Nella Napoli del dopoguerra c’era voglia di lasciarsi alle spalle le sofferenze complici anche i ritmi nuovi che arrivano dall’America. Carosone mescolò la canzone napoletana con lo swing e il rock, contaminando il tutto con gli echi del suo soggiorno africano. Costituì un primo gruppo musicale, il Trio Carosone, con Peter Van Wood alla chitarra e voce (il musicista poi sarebbe diventato un celebre astrologo), e Gegè Di Giacomo alla batteria. Quest’ultimo aveva un temperamento istrionico e contribuì non poco al successo del gruppo con le sue trovate comiche e i travestimenti. L’altro incontro determinante per la carriera di Carosone fu quello con il paroliere Nicola Salerno in arte Nisa, che gli era stato presentato dall’impresario della Ricordi Mariano Rapetti (padre di Mogol). Nisa e Carosone fecero nascere successi come Caravan petrol, Tu vuo’ fa’ l’americano, O sarracino.

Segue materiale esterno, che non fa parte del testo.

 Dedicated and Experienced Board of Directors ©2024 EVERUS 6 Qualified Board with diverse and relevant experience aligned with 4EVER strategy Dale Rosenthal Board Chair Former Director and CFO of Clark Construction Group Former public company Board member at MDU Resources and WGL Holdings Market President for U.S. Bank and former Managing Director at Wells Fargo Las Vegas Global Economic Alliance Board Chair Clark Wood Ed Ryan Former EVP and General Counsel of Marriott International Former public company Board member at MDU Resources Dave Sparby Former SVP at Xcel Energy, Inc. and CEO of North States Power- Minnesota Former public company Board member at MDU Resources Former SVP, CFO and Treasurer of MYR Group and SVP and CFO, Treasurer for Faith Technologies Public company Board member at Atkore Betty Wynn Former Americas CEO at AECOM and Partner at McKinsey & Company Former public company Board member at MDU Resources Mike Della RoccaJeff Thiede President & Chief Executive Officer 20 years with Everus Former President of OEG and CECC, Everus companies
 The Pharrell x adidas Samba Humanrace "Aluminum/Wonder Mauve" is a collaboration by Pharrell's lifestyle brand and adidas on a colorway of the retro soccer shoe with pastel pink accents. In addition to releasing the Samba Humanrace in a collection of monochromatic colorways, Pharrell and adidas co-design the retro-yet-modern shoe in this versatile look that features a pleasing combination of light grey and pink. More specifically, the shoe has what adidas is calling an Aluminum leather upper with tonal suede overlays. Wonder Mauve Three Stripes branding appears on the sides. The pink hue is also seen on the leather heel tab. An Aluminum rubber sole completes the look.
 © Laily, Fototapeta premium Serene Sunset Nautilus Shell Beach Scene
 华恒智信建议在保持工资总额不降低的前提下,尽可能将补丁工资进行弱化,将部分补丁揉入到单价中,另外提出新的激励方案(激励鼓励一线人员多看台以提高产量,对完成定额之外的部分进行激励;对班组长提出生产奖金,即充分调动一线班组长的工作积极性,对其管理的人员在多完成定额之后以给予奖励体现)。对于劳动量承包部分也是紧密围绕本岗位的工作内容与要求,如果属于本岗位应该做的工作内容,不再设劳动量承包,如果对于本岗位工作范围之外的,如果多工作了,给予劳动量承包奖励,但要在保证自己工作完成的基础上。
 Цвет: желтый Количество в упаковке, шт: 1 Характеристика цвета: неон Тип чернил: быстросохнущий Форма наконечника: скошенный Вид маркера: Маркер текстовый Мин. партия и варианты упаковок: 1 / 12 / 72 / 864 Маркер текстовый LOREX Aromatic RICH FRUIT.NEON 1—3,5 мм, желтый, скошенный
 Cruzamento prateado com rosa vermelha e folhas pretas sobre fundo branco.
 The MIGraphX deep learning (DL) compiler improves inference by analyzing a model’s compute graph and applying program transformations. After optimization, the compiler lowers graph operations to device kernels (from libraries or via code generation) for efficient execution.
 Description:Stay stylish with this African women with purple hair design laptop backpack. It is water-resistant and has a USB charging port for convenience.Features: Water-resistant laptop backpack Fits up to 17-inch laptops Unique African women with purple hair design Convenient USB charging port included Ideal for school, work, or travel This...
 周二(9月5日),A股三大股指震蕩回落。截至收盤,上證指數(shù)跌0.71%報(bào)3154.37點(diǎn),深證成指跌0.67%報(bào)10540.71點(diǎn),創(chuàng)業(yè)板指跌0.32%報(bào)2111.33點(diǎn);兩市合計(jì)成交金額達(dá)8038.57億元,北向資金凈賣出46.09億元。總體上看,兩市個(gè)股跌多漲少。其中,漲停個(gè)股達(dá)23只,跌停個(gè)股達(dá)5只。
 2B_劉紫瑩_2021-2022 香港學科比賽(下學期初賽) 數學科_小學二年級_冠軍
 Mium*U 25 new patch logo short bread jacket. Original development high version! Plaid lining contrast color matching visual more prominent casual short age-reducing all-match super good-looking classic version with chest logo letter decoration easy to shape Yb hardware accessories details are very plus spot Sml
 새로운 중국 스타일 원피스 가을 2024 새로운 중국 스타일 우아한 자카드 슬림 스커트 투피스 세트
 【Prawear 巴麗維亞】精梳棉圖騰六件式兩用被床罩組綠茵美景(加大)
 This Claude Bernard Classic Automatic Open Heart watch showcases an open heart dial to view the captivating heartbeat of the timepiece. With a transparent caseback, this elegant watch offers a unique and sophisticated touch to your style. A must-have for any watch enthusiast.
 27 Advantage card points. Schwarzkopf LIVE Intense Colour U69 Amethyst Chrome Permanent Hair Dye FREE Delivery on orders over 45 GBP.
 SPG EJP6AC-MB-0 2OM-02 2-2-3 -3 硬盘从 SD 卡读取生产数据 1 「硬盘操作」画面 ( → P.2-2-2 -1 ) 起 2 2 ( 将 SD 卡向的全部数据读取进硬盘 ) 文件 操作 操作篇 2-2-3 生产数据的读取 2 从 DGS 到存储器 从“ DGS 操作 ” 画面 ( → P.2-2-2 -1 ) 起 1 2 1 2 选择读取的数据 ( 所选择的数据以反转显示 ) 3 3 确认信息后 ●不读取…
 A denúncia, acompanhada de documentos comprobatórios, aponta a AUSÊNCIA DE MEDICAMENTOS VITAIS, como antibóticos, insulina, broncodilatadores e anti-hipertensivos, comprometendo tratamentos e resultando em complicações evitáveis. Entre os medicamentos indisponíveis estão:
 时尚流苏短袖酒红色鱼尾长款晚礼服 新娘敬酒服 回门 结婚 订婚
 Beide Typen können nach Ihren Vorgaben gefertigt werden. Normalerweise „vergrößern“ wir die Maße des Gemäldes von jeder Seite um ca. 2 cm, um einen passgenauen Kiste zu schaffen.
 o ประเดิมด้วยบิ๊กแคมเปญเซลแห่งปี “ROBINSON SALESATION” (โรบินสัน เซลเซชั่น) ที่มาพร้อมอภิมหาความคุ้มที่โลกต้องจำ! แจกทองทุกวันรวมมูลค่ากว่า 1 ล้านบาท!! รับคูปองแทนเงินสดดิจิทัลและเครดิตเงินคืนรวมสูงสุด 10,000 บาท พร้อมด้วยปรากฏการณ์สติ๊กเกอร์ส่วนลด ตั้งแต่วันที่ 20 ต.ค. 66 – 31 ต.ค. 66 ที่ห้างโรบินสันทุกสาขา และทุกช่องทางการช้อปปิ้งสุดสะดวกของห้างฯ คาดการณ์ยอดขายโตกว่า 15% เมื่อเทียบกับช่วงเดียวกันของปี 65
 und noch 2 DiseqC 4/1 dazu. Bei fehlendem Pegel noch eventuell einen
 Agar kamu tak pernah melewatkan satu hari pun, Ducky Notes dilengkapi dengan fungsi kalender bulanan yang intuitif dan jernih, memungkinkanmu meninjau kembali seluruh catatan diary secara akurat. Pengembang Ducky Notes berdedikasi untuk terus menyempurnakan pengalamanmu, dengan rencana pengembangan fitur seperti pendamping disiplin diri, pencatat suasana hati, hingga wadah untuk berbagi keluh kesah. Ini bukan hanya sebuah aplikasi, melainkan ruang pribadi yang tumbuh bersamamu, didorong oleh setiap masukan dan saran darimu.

Dopo che Van Wood se ne era andato aveva costituito un sestetto con cui fece le tourneè trionfali in tutto il mondo. Dopo il ritiro continuò a occuparsi di musica approfondendo anche lo studio del pianoforte classico. Fu convinto a tornare sulle scene da Sergio Bernandini il 9 agosto 1975 alla Bussola di Focette; da quel momento prese a riproporre il suo repertorio di successo, ma anche a scrivere nuove canzoni, partecipando anche due volte al festival di Sanremo. ll successo ottenuto convinse Carosone ad attraversare nuovamente l'oceano per tornare in America. Grazie all'aiuto di Adriano Aragozzini, nel mese di settembre tenne un concerto al Madison Square Garden di New York, da dove ebbe inizio una nuova fortunata tournée. Il 22 marzo 1993 Renato fu colpito da aneurisma cerebrale e venne ricoverato d'urgenza nel reparto di neurochirurgia dell'ospedale romano San Camillo, dove fu sottoposto ad un laborioso intervento. Tuttavia, riuscì a superare la malattia e poté continuare a dedicarsi alla musica e alla pittura, ll 26 ottobre 1996 Carosone ricevette a Sanremo il Premio Tenco per il rinnovamento apportato alla canzone napoletana e, in occasione della festa di Capodanno del 1998, diede il suo ultimo concerto in Piazza del Plebiscito a Napoli, alla presenza di duecentomila persone.
Nel 1999 l'America rese omaggio a Carosone anche in campo cinematografico con Il talento di Mr. Ripley, una pellicola di Anthony Minghella, in cui Fiorello, Matt Damon e Jude Law si scatenarono in un night al suono di Tu vuò fà l'americano.
Renato Carosone morì nel sonno la mattina del 20 maggio 2001 nella sua casa di Roma dove si era trasferito dopo aver vissuto per un periodo sul lago di Bracciano sempre a fianco della moglie Lita.
Gigi D'Alessio (al quale Carosone regalò il suo pianoforte) scrisse in suo onore la canzone Caro Renato.